> WORK INSTRUCTIONS
Return every line of the data that contains the string "with".

::::::::::

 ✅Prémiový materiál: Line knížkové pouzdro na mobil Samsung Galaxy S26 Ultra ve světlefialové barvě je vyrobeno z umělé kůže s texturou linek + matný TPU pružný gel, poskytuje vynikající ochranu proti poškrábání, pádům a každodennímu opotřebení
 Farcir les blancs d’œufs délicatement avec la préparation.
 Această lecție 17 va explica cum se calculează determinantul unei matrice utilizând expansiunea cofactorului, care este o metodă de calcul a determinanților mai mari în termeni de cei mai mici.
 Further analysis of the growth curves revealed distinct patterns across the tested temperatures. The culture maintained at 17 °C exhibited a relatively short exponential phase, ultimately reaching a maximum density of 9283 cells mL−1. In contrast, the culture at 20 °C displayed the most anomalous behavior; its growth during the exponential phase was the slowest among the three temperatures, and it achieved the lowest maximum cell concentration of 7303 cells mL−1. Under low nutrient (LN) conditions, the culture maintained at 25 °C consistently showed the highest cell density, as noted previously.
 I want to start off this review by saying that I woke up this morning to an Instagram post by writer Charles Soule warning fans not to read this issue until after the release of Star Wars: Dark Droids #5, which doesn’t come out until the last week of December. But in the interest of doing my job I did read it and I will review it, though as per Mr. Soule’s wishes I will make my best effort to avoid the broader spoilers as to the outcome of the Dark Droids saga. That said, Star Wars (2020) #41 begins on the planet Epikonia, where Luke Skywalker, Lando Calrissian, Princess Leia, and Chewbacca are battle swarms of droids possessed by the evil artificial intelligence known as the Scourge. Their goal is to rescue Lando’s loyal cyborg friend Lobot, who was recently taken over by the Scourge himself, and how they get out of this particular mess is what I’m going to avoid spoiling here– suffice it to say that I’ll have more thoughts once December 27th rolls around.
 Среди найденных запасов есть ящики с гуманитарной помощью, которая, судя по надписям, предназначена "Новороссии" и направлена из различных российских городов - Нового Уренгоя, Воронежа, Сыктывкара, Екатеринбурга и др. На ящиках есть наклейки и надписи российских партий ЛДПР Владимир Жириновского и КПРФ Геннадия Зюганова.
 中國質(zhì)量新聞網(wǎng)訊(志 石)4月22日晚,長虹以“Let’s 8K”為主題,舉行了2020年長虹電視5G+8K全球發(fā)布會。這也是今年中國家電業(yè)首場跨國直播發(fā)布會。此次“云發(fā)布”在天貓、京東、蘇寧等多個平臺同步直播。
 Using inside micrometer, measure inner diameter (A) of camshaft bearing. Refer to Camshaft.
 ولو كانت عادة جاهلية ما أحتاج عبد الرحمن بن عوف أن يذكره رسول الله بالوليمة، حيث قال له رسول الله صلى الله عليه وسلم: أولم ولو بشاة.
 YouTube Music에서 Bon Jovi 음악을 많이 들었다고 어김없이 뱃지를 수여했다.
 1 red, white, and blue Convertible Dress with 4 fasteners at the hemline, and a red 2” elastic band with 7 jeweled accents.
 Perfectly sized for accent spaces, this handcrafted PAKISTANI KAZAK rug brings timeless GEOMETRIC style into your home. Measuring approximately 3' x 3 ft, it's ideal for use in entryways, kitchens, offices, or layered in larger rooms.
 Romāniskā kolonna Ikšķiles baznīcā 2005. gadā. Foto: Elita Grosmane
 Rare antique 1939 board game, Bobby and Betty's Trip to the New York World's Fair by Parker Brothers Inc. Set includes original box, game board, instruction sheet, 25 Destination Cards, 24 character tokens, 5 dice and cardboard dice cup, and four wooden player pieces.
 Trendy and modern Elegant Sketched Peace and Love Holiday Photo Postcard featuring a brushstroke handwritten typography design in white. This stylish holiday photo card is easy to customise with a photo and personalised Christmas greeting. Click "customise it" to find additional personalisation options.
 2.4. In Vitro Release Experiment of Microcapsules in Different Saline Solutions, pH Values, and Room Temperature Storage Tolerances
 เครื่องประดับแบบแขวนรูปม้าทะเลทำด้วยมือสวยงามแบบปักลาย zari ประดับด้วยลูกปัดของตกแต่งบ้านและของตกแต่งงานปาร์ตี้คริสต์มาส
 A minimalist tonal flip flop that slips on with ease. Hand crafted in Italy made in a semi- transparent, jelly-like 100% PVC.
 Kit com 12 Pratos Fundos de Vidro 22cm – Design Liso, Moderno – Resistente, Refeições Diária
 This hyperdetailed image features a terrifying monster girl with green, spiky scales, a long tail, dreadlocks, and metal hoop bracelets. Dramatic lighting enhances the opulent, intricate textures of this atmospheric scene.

::::::::::

> THE COMPLETED TASK
 1 red, white, and blue Convertible Dress with 4 fasteners at the hemline, and a red 2” elastic band with 7 jeweled accents.
 Trendy and modern Elegant Sketched Peace and Love Holiday Photo Postcard featuring a brushstroke handwritten typography design in white. This stylish holiday photo card is easy to customise with a photo and personalised Christmas greeting. Click "customise it" to find additional personalisation options.
 A minimalist tonal flip flop that slips on with ease. Hand crafted in Italy made in a semi- transparent, jelly-like 100% PVC.
 This hyperdetailed image features a terrifying monster girl with green, spiky scales, a long tail, dreadlocks, and metal hoop bracelets. Dramatic lighting enhances the opulent, intricate textures of this atmospheric scene.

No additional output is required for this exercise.